Liverpool needed the aid of VAR to re-establish their 13-point lead at the top of the Premier League with a 1-0 win over Wolves on Sunday as a late Chelsea fightback inflicted a 2-1 defeat on Arsenal in Mikel Arteta’s first home game in charge.
Manchester City remain 14 points adrift of the runaway league leaders but closed the gap on second-placed Leicester thanks to second-half goals from Sergio Aguero and Kevin de Bruyne to beat Sheffield United 2-0.
Sadio Mane scored the only goal of a controversial clash at Anfield as Liverpool extended their unbeaten run at Anfield in the league to 50 games.
“It was a tough test and rightly so. We play for big stakes, and try to be successful and be as good as possible,” said Liverpool boss Jurgen Klopp.
Mane’s strike three minutes before halftime was initially ruled out for a handball by Adam Lallana in the build-up, but a VAR review overturned referee Anthony Taylor’s on-field decision.
Moments later Wolves thought they had levelled when Pedro Nieto fired low past Alisson Becker, but again the VAR review went against the visitors as the goal was ruled out for a fractional offside against Jonny.

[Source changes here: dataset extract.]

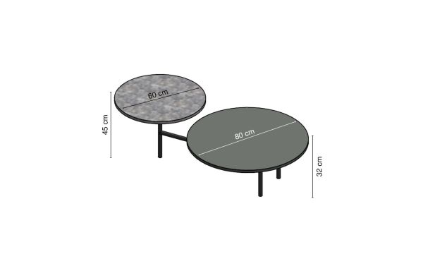 Ces tables rondes se démarquent par leurs deux plateaux distincts : un plateau rond soigneusement fini en shadow black, accompagné d'un plateau rond revêtu de la même finition. Cette combinaison crée un contraste visuel captivant, mettant en exergue l'élégance moderne et sophistiquée de ces pièces. Leur design unique apporte une touche distincte et contemporaine à votre espace, les rendant parfaites pour sublimer votre intérieur.
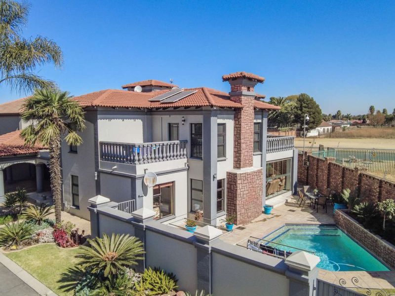 Resort-style living in Monte Cristo Estate, moments from the clubhouse and tennis courts — poolside entertaining with built-in braai, expansive double-volume entrance, five beds, four baths, triple garage.

“We feel massively hard done by, I can’t get my head around it. It is ridiculous,” said Wolves captain Connor Coady.
“For me, it is not working. Some people are saying it gets the right decision but we’re the players on the pitch and it doesn’t feel right to me.”
Wolves had less than 48 hours to recover from a thrilling 3-2 victory over City on Friday, but still had plenty of chances to secure at least a point after the break as Becker denied Diogo Jota before Raul Jimenez and Adama Traore had shots deflected wide in the closing stages.
Just a second league defeat in 15 games means Wolves fall five points behind Chelsea in the fight for a top-four finish after Frank Lampard’s men staged a dramatic turnaround at the Emirates.
Arsenal seemed set to give Arteta a first home win in the league since October as Pierre-Emerick Aubameyang’s opener was just reward for one of the Gunners’ best performances of the season.
However, the defensive blunders that have blighted Arsenal’s season under three different managers cost them again when goalkeeper Bernd Leno came and missed a Mason Mount free-kick to allow Jorginho to tap home an equaliser seven minutes from time.
Chelsea capped the comeback four minutes later when Tammy Abraham led a counter-attack from one end to the other before finishing from Willian’s cross.
“We were so awful for 30 minutes; slow, lethargic, nervous,” said Lampard, who made a tactical change to bring on Jorginho after just 34 minutes.
“The second half was nothing to do with tactics, it was all to do with spirit and desire.”
However, Arsenal were furious Jorginho was still on the field to equalise as he escaped a second yellow card at 1-0 for a foul on Alexandre Lacazette.
VAR also had a big role to play at the Etihad where City were again far from convincing but did enough to inflict a first away defeat in nearly a year on Sheffield United.
The Blades had a goal ruled out by a VAR review before halftime for another close offside call against Lys Mousset.
The Frenchman also wasted another good chance when one-on-one with Claudio Bravo and the visitors were punished by a characteristically clinical finish from Aguero as he rifled home De Bruyne’s through ball.
De Bruyne then doubled City’s advantage eight minutes from time with a fine low finish.